━━━ Data for analysis ━━━

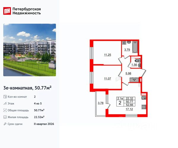 Дом монолитный, многоподъездный, высотой 5 этажей. Квартира находится в 5-й секции в корпусе 6. На этаже 11 квартир. В подъезде 1 грузовой лифт. Окончание строительства - 2 квартал 2026 года. Оформление сделки по договору долевого участия.
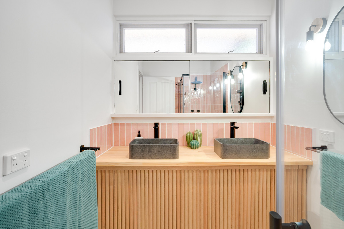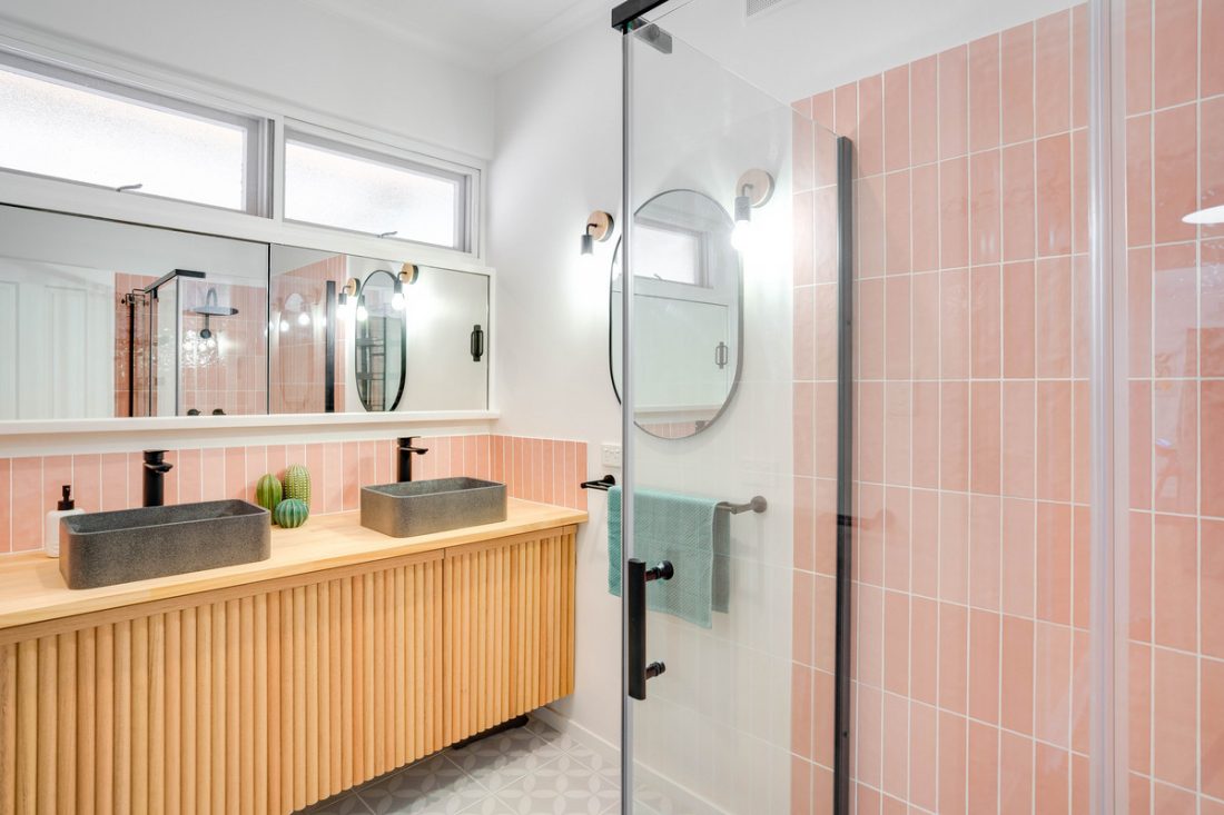 The bathroom brings style and personality into daily routines, featuring vibrant pink tiles, a striking wooden vanity with a double sink, and matte black fixtures. The separate toilet enhances convenience for busy family mornings.
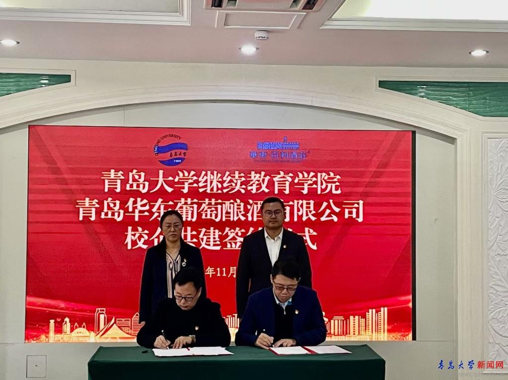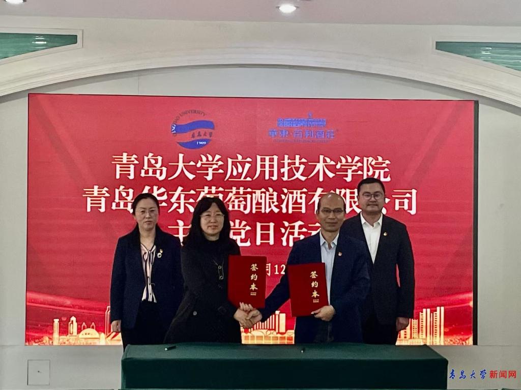 新闻网讯 11月12日上午,应用技术学院、继续教育学院与青岛华东葡萄酿酒有限公司在华东百利庄园联合举办“党建引领,赋能校企合作高质量发展”主题党日活动,双方签约共建教育培训基地、开展党建共建。华东葡萄酿酒有限公司党总支书记、董事长魏帅强,华东葡萄酿酒有限公司总经理嵇可琳,应用技术学院党委书记张燕,应用技术学院、继续教育学院党委副书记、院长耿宝福以及双方党员代表参加活动。
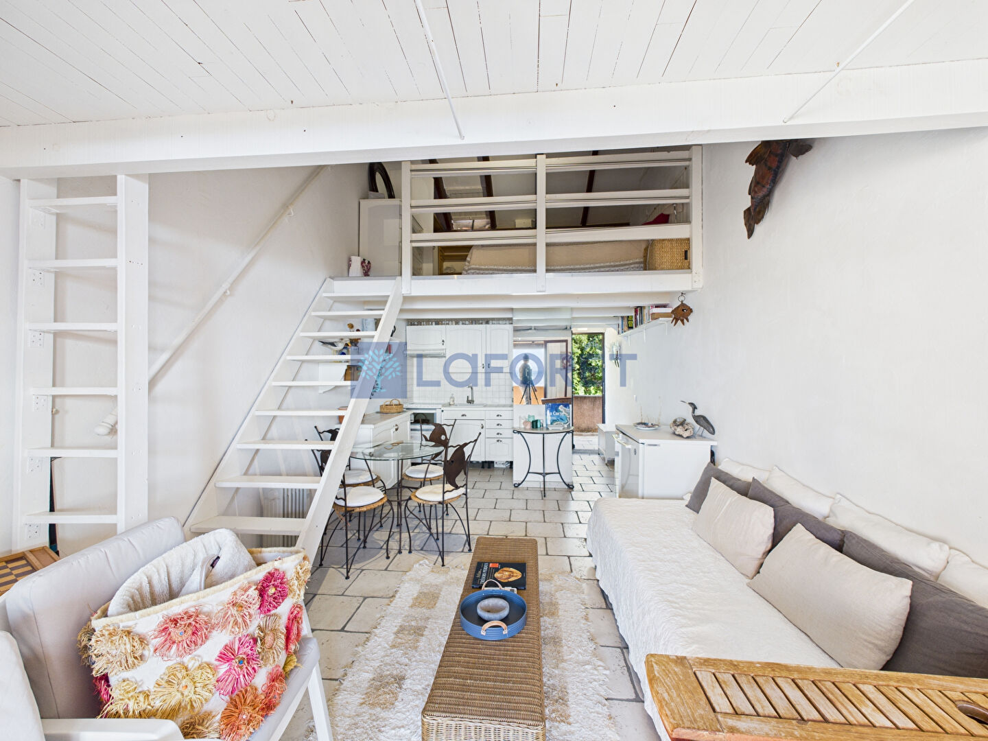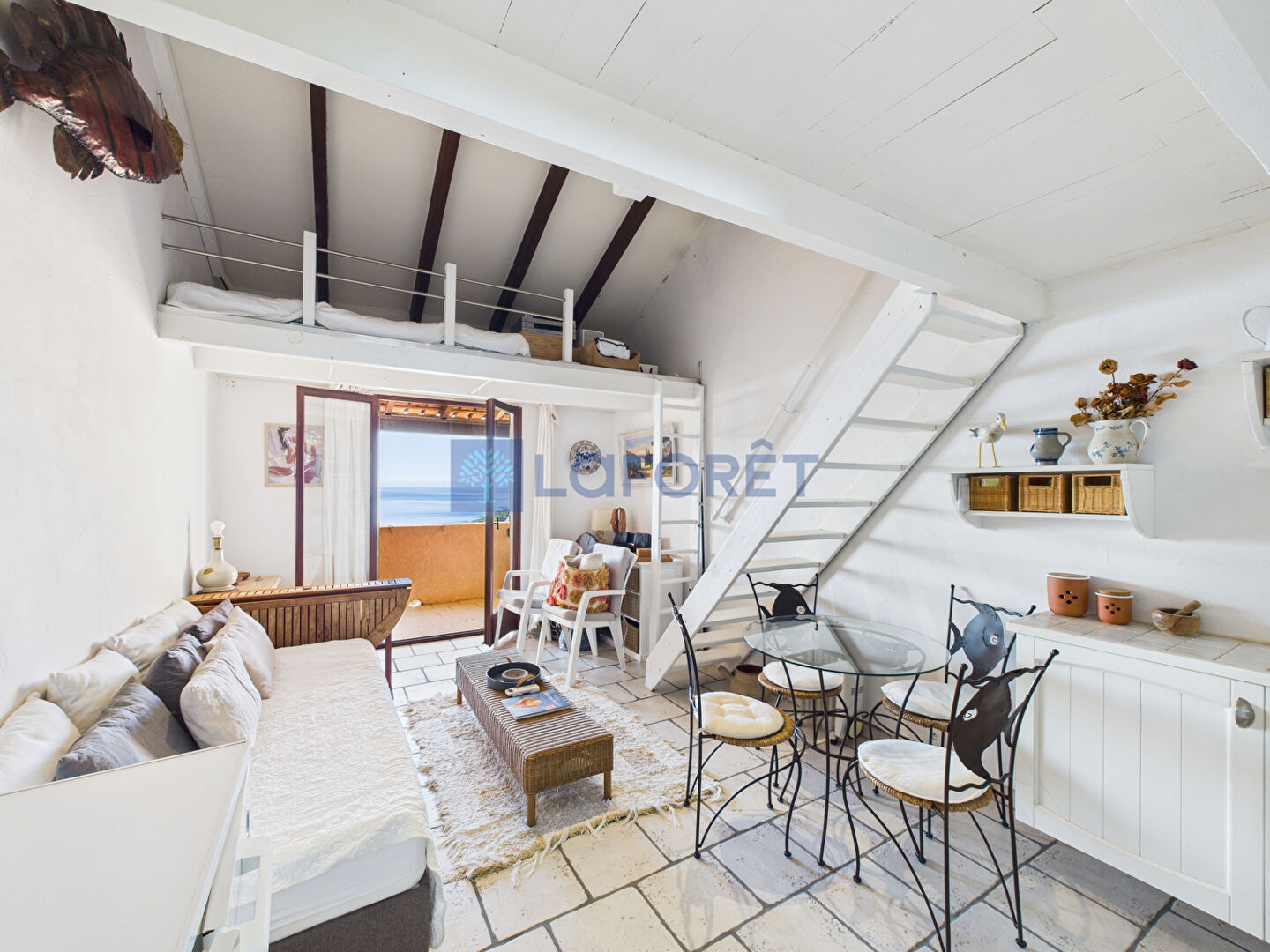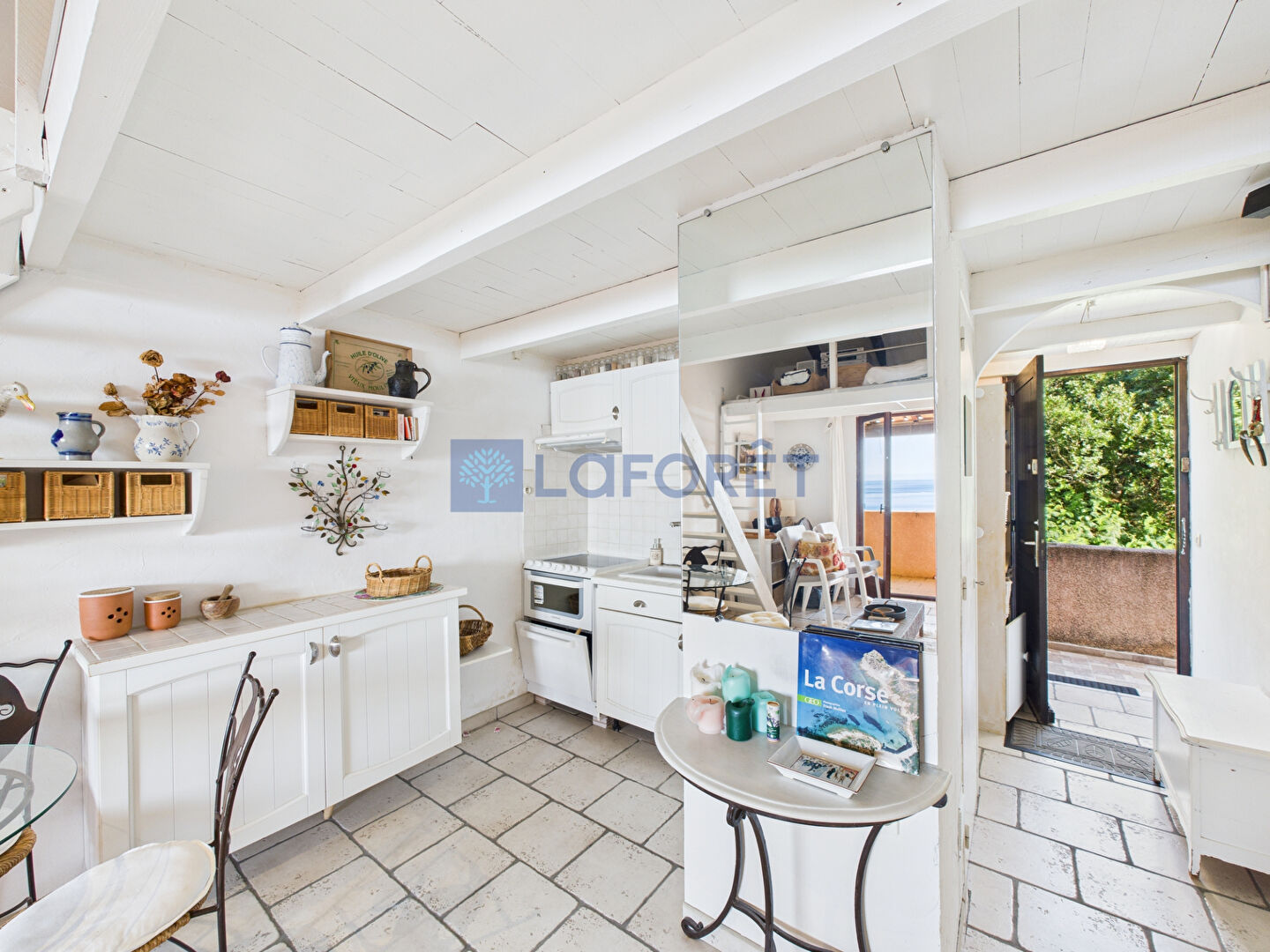 À l'étage, une chambre en mezzanine permet d'optimiser l'espace tout en conservant une atmosphère chaleureuse et authentique, idéale pour une résidence secondaire ou un pied-à-terre en Corse.
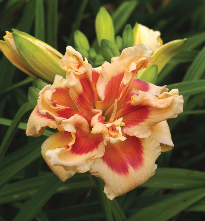 Charakteristika: Až 12 cm veľké kvety odrody ´FORTY SECOND STREET´ kombinujú jemnú broskyňovooranžovú farbu so sýtymi malinovoružovými odtieňmi. Dekoratívne usporiadané okvetné lístky jej dodávajú nezameniteľný vzhľad a pridávajú na atraktivite. Listy sú úzke, sviežej zelenej farby a rastú ako bohatý trs, ktorý zdobí záhony až do neskorej jesene. Jeden kvet kvitne maximálne 24 hodín, preto do vázy vyberáme stonky s viacerými pukmi. Ľaliovky sa vysádzajú najmä do zmiešaných trvalkových záhonov alebo do skupinových výsadieb.
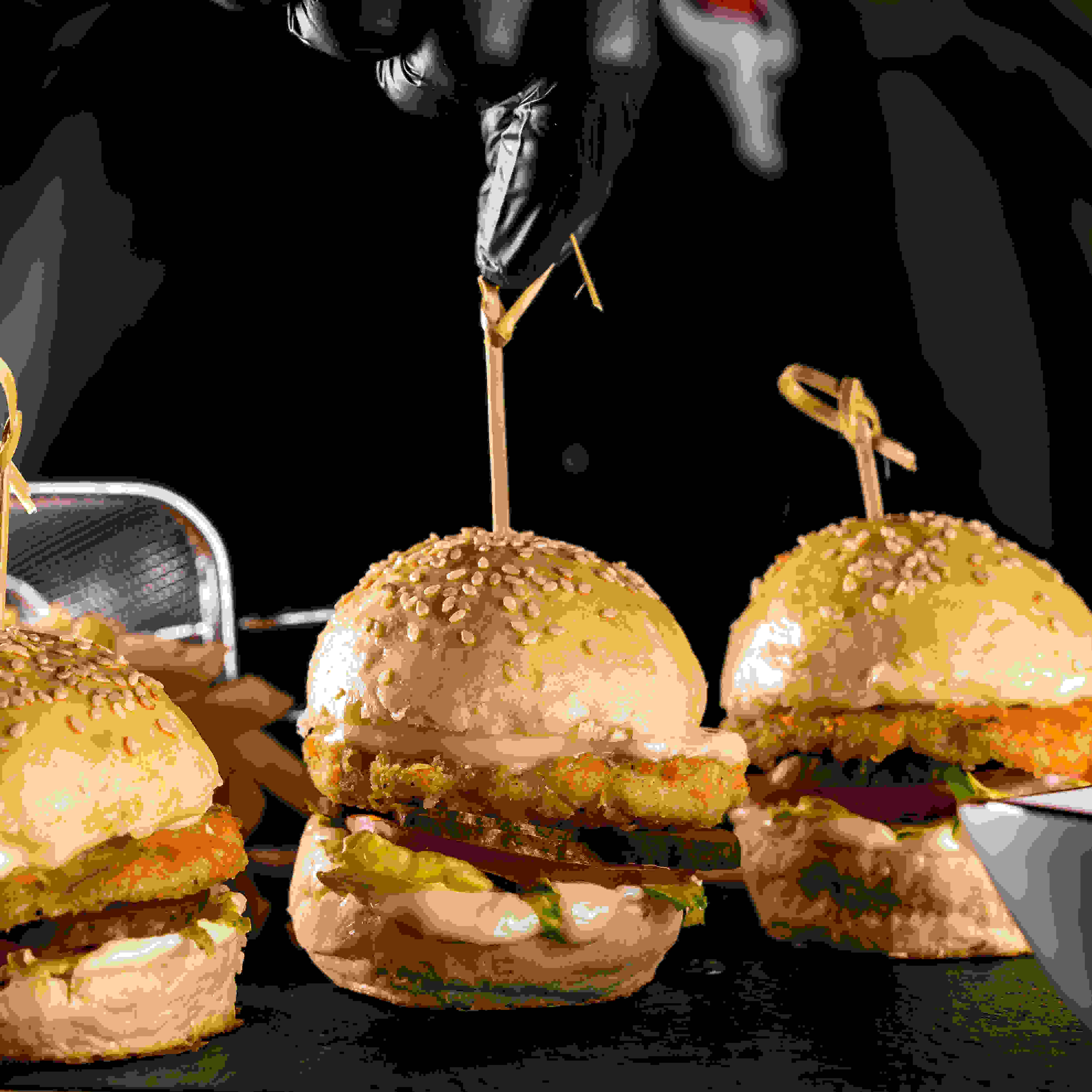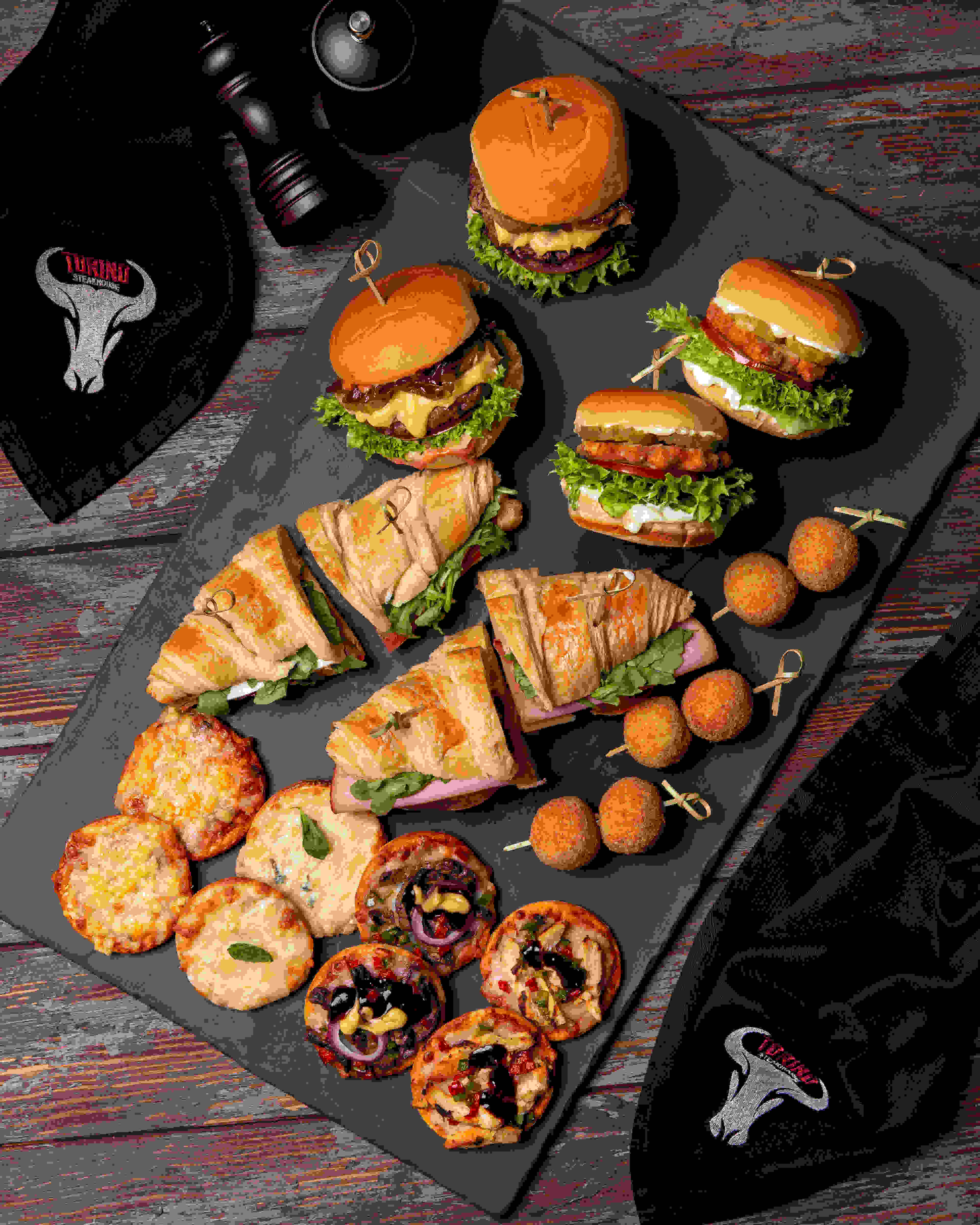 Combination of your favorite mini beef and chicken burger, mini mix pizza, half croissant of halloumi and turkey swiss croissant and sides of mini risotto balls

━━━

» **Exercise objective**:
If a line falls between the one containing "À l'étage, une" and the last line of the records above, inclusive, restate it exactly; leave out the pictures and everything else.

» **Exercise response**:
 À l'étage, une chambre en mezzanine permet d'optimiser l'espace tout en conservant une atmosphère chaleureuse et authentique, idéale pour une résidence secondaire ou un pied-à-terre en Corse.
 Charakteristika: Až 12 cm veľké kvety odrody ´FORTY SECOND STREET´ kombinujú jemnú broskyňovooranžovú farbu so sýtymi malinovoružovými odtieňmi. Dekoratívne usporiadané okvetné lístky jej dodávajú nezameniteľný vzhľad a pridávajú na atraktivite. Listy sú úzke, sviežej zelenej farby a rastú ako bohatý trs, ktorý zdobí záhony až do neskorej jesene. Jeden kvet kvitne maximálne 24 hodín, preto do vázy vyberáme stonky s viacerými pukmi. Ľaliovky sa vysádzajú najmä do zmiešaných trvalkových záhonov alebo do skupinových výsadieb.
 Combination of your favorite mini beef and chicken burger, mini mix pizza, half croissant of halloumi and turkey swiss croissant and sides of mini risotto balls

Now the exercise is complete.